An Open Letter to the Husband with a Spouse in Chronic Pain

An Open Letter to the Husband with a Spouse in Chronic Pain

 An Open Letter to the Husband With a Spouse In Chronic Pain

The last thing she wants to hear is “What’s wrong with you?!”

Gentlemen,
You come home from work and find your wife crying, quiet or stressed. For a woman who is usually happy all the time, this might warrant a caring question, but, if she suffers from depression or ongoing pain, a “What’s wrong with you?” probably will not be welcomed in this instance.'


You need to know that a woman, especially one struggling with depression or going through PMS, do not always know why she is sad or just wants to cry. She just wants to. No rhyme or reason. Women are wired differently than men so many men may have a hard time understanding this concept.
Asking a woman what is wrong in a tone that implies she has no reason to be sad and teary will NOT go over well with her.

If she suffers from chronic pain, that agony will cause her to tire very quickly. Working outside the home or even at the home will exhaust her when she is working under continual discomfort, often causing her to be quiet and withdrawn. She isn’t angry. Just worn out…. depleted. Exhaustion often begets emotional distress.










So what’s a man to do?


The tired or pained woman would simply appreciate empathy. Empathy?!! What’s that?
Empathy: the ability to understand and share the feelings of another.

This is different from sympathy where you feel sorry for someone but not necessarily understand their feelings. A lot of times you empathize with someone because you have experienced a similar instance.

Your loved one does NOT want you to fix her problems. She doesn’t even always want to tell you what is wrong because often she doesn’t understand it herself or is just too tired to care.
So what DOES a woman want?

For one, it often depends upon the woman.
A gift of flowers – just because.
Her favorite chocolate… or dessert.
If she is introverted she will often appreciate a caring embrace.
To be told that you love her
A massage. If you can’t give her one that lasts at least fifteen minutes, offering to pay for one elsewhere would be appreciated.
A day at the spa for pampering
A quiet walk, holding hands.
Pray for her…. WITH her
A light touch on the arm or shoulder as you pass by
Aromatherapy: Burning candles or something with a calming scent. Oils or flowers. Preferred scents: lemon, lavender, rosemary, jasmine, cinnamon or peppermint
Helping out with supper or with the kids so that she can get some rest.
Sometimes all she wants is quiet time….ALONE.
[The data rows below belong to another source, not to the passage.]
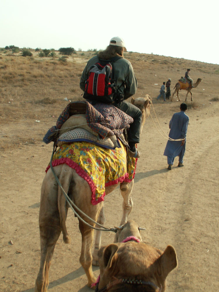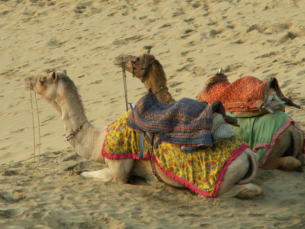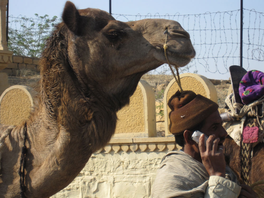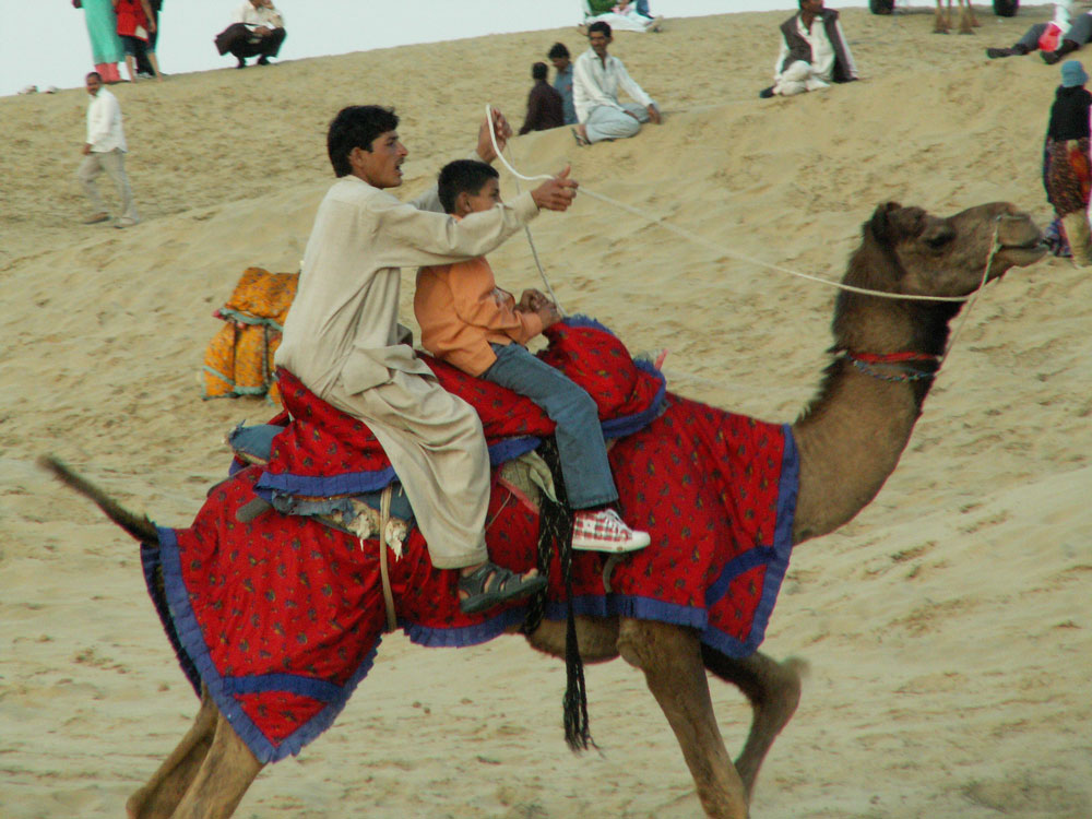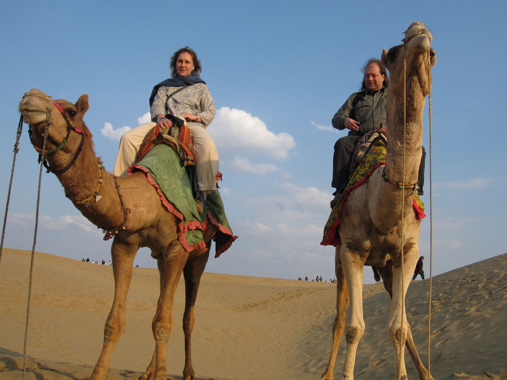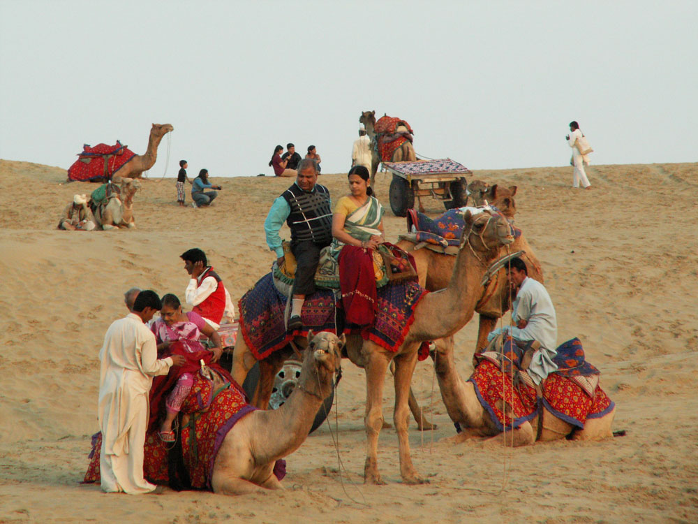 Nachmittags gehts in die Wüste, bzw. – wir sind ja mittendrin – in die Sanddünen; sonst ist das hier nämlich eher Steppe mit jeder Menge Büschen und sonstigen Pflanzen. Ungefähr eine Stunde führt uns ein Kameltreiber vom Parkplatz zu den Dünen (erwartungsgemäß mit mehrern hundert anderen Touristen aus aller Welt und Indien), aber immerhin verschafft er uns einen Platz in der ersten Reihe mit freiem Blick auf den erhofften Sonnenuntergang. Vorher müssen wir uns noch gegen singende Zigeunergruppen, aufdringliche Getränkeverkäufer , schreckliche Flötenspieler und sonstige Touristen-Nepper wehren, aber da die meisten Touristen in dieser Gegend direkt aus dem Flieger fallen, ohne vorher irgendeine Ahnung von Indien zu haben, ist das nicht weiter verwunderlich…
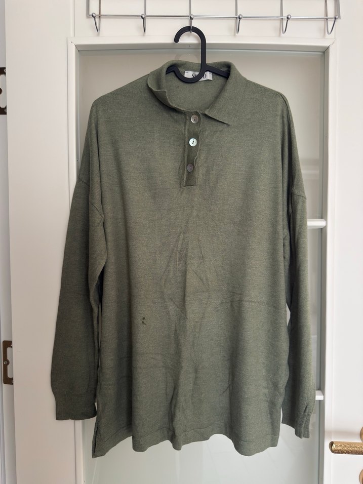 Yeşil renkte, uzun kollu, düğmeli ve yakalı trikodur. Rahat kesimli ve midi boyda, yumuşak keten kumaştan üretilmiştir. Günlük sokak stili için uygundur. Resimde de görüldüğü gibi önünde küçük bir lekesi vardır.
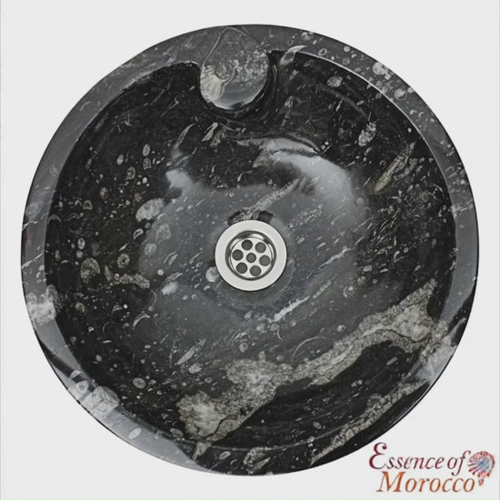Moroccan Sink Washbasin Wash Basin Fossilised Marble Stone Black Hand Carved Free Waste 40 cm (SW843)
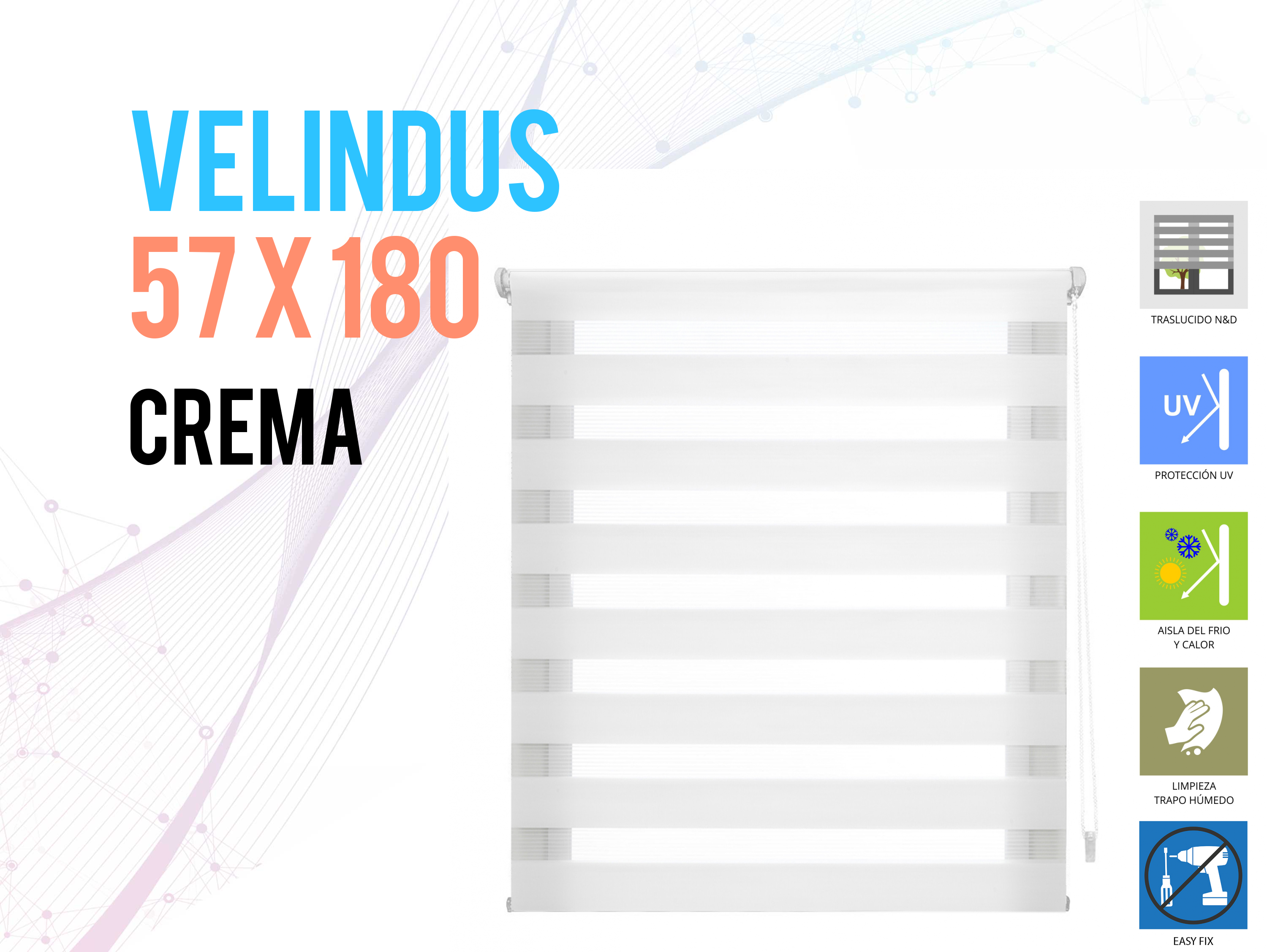 El VELINDUS es un modelo con tejido doble noche y día bicolor, con el que conseguirás un espacio personal y genuino. Gracias a su sistema de instalación easy fix sólo tendrás que colocar el estor mediante sus adhesivos o pinzas en el marco de tu ventana, sin necesidad de usar taladros. Además su mecanismo de cadena te permitirá subir y bajar el estor fácilmente para graduar el acceso de luz.

Normally a woman does not like to feel depressed or in constant pain. Making her feel bad for feeling this way will not help her feel better about herself. A lot of times illnesses like fibromyalgia or arthritis will feel like you have the body aches of flu, but constantly. They don’t mean to be grumpy but the constant pain is draining.

This is your chance to exercise the first part of your vow, “in sickness and in health.” Your wife needs a friend who understands and won’t criticize. Be that person for her.
She wants to know that you care about her.
Thanks for your understanding and support!